My daughter is on a NROTC scholarship and a Mechanical Engineering major. The expectation at her school's unit is that they will graduate in 4 years and the scholarship will not be extended. She is a junior and typically has 18-21 credit hours each semester and is a Junior this year.
 

Norfolk63

BGO and MidDad
5-Year Member
My daughter is on a NROTC scholarship and a Mechanical Engineering major. The expectation at her school's unit is that they will graduate in 4 years and the scholarship will not be extended. She is a junior and typically has 18-21 credit hours each semester and is a Junior this year.
Yikes! What school is that?
 

USMAROTCFamily

5-Year Member
Yikes! What school is that?
University of Notre Dame. I shouldn't say that they would "never" grant the extension, as they could under certain extenuating circumstances. However, when they sit down with their counselors, they are expected to map out the degree requirements to graduate in 4 years with an engineering degree. There have been midshipman, as well, who did not graduate in 4 years and the last semester, or year, had to be paid for out of pocket, but at least they were granted permission to delay commissioning in order to do this. This was a stark contrast to the conversations she had with the ROOs at the AROTC scholarship schools she applied to,who seemed to encourage engineering majors to take 5 years with no problem getting the scholarship extensions.
 

USMAROTCFamily

5-Year Member
Wow brutal. Hope she doesn't burn out.
So far, so good -3 more months this semester and then her Senior year courses will actually be easier with some of her electives and university requirements. Getting it done in 4 years is doable, but it doesn't give her a whole lot of free time with NROTC commitments, etc. However, if you think about it, cadets/midshipmen at the academies are typically taking 20 credit hours a semester and they seem to manage.
 

SpartanDM

5-Year Member
I was approved for extended benefits (5th year benefits) which I used to take 19 credits the summer between 3/c and 2/c year and have my 2/c cruise waived which kept my junior year credit hours at 18/semester and senior year at 15/semester otherwise I would've had to tack on an extra semester at the end. In my application to NSTC I provided degree completion plans for both cases. My main argument was the Navy was still getting their Ensign on time. Mechanical engineering btw.
 

goirish1

5-Year Member
University of Notre Dame. I shouldn't say that they would "never" grant the extension, as they could under certain extenuating circumstances. However, when they sit down with their counselors, they are expected to map out the degree requirements to graduate in 4 years with an engineering degree.
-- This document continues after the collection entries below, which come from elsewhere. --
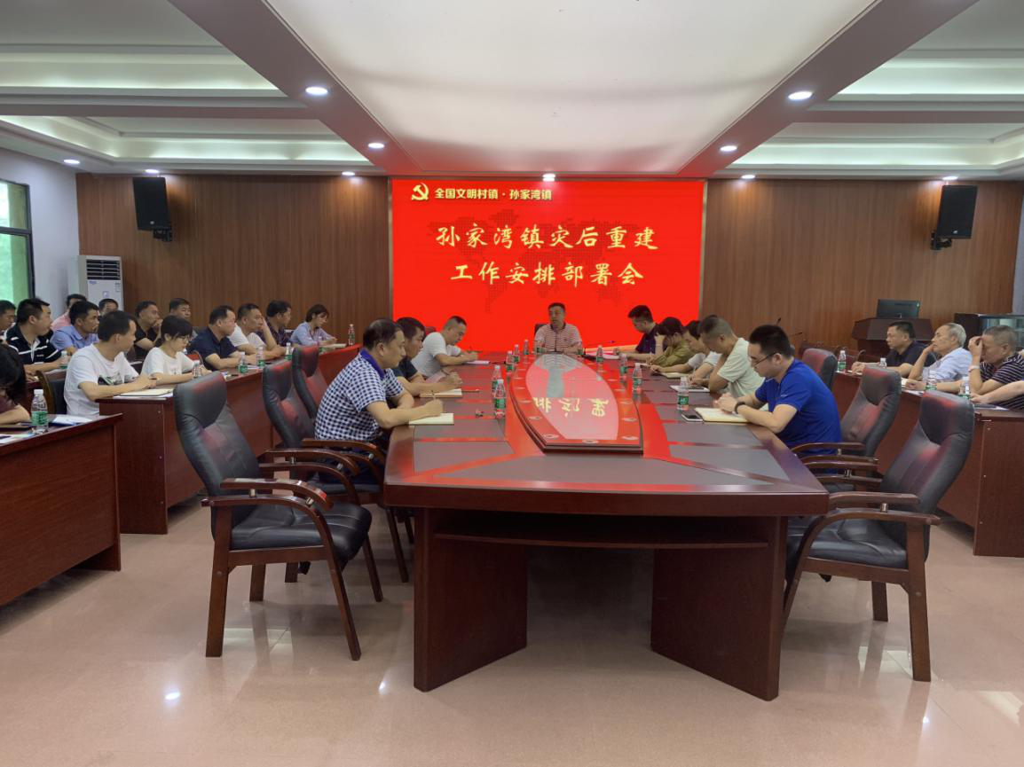 今天下午,孙家湾镇党委、政府再次召开抗洪救灾暨灾后重建工作调度会。
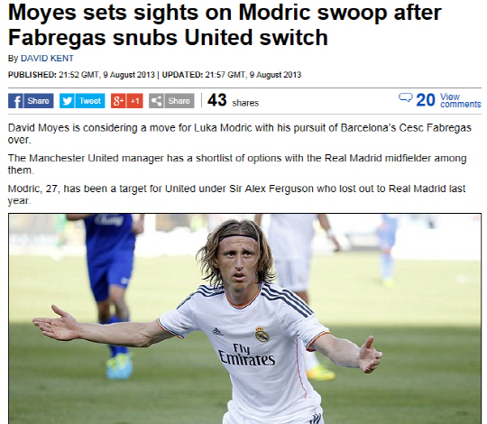 이 가운데 세스크 파브레가스가 최근 바르셀로나 잔류 의사를 밝히면서 모예스 감독이 모드리치로 급하게 방향을 선회한 것으로 보인다. 지난 시즌 모드리치는 3300만파운드를 받고 레알 마드리드의 유니폼을 입었지만 맨유는 그의 영입에 2500만파운드가 들 것으로 예상하고 있다.
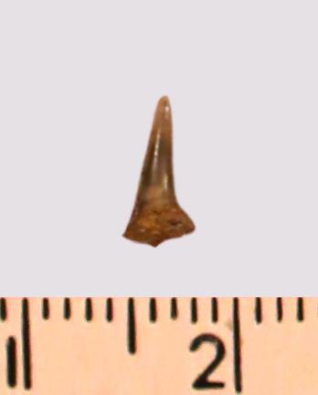 Зуб (фрагмент). Акула. Eostriatolamia gracilis (Davis, 1890). Классификация: Хордовые Chordata, Позвоночные Vertebrata, Хрящевые рыбы Chondrichthyes, Пластиножаберные Elasmobranchii
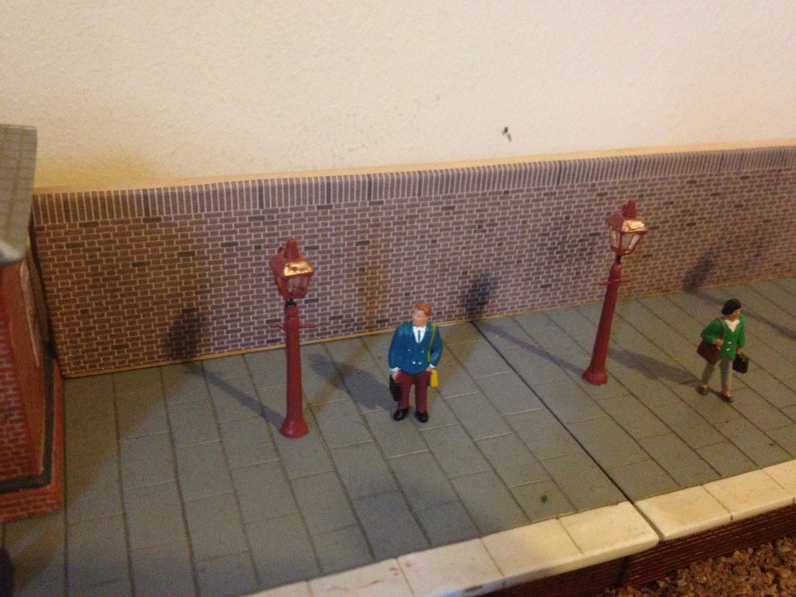 For the red-brick-Manchester walls I’ve simply used sheets of printed pattern. Again, picked up from my favorite model shop for a few pence. To apply the sheets to the wood I created a very watery PVA mix, wallpaper paste like, and this worked perfectly – although it was ever so tricky to stick into place, especially under the bridge. You could of course consider printing your own, or even painting, but this method really is very cheap and easy to achieve something very aesthetically pleasing. I would however recommend sticking the texture sheets onto the wood first and then assembling any structures 2nd…

There have been midshipman, as well, who did not graduate in 4 years and the last semester, or year, had to be paid for out of pocket, but at least they were granted permission to delay commissioning in order to do this. This was a stark contrast to the conversations she had with the ROOs at the AROTC scholarship schools she applied to,who seemed to encourage engineering majors to take 5 years with no problem getting the scholarship extensions.
I will echo this. DS is a senior at same school and the expectation is 4 years. Your progress is mapped out. Civil Engineering major. He will graduate in May in the planned 4 years. With the additional NROTC classes and the normal course load, almost every semester required 'overload' approvals for carrying 19-21 credit hours. Not much free time. Summer study abroad (scholarship doesn't cover) and summer classes at local college (transferred credits) were needed. Strongly recommend the local summer classes and transferring the credits if you can get the approvals. 8 weeks of Differential Equations at a local juco - all Engineering majors from various schools home for the summer. Helped to have only one class of this caliber over the summer than this and others like it during the semester. You are right, senior year was better because he still had some gen. ed. electives like theology and history. 4 years is doable with a lot of hard work and time management.